Exercise objective: From the line containing "De carrosserieën zijn" down to the final line of the entries below, restate each line word for word and add nothing.

........

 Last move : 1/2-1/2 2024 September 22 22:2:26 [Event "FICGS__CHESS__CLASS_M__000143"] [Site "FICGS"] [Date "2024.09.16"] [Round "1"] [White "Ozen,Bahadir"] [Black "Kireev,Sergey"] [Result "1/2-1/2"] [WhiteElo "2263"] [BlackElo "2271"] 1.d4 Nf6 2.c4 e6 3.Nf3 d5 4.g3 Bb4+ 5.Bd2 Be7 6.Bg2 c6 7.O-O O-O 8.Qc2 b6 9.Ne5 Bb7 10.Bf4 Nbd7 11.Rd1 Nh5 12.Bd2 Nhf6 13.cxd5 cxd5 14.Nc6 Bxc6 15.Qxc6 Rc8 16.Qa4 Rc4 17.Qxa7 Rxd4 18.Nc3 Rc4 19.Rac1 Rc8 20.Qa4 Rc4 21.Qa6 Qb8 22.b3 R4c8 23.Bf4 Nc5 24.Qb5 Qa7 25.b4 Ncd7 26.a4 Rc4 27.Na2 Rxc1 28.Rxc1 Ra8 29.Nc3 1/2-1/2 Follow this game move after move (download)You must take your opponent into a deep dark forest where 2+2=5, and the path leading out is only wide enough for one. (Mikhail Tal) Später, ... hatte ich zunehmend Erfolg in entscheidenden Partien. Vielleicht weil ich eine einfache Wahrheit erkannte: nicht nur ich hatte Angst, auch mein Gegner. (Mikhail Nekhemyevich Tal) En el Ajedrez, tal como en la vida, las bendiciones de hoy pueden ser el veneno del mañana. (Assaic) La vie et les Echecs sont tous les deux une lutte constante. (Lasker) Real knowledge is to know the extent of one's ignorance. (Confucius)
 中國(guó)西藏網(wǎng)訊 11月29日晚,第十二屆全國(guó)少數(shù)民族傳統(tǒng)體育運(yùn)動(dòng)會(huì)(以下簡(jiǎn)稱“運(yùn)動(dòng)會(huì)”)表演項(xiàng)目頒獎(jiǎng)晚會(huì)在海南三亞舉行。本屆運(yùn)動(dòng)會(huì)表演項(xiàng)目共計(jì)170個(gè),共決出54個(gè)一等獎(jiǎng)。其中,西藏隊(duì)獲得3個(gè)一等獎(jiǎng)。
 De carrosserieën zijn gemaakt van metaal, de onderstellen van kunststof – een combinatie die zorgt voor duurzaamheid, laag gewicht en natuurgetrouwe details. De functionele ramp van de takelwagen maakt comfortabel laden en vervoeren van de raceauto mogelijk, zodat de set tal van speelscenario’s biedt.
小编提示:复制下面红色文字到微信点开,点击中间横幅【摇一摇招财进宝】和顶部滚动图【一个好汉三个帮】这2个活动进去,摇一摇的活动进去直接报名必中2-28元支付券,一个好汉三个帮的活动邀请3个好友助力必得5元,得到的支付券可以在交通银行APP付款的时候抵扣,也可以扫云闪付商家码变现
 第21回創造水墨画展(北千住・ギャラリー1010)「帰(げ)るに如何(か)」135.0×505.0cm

........

Answer area:
 De carrosserieën zijn gemaakt van metaal, de onderstellen van kunststof – een combinatie die zorgt voor duurzaamheid, laag gewicht en natuurgetrouwe details. De functionele ramp van de takelwagen maakt comfortabel laden en vervoeren van de raceauto mogelijk, zodat de set tal van speelscenario’s biedt.
小编提示:复制下面红色文字到微信点开,点击中间横幅【摇一摇招财进宝】和顶部滚动图【一个好汉三个帮】这2个活动进去,摇一摇的活动进去直接报名必中2-28元支付券,一个好汉三个帮的活动邀请3个好友助力必得5元,得到的支付券可以在交通银行APP付款的时候抵扣,也可以扫云闪付商家码变现
 第21回創造水墨画展(北千住・ギャラリー1010)「帰(げ)るに如何(か)」135.0×505.0cm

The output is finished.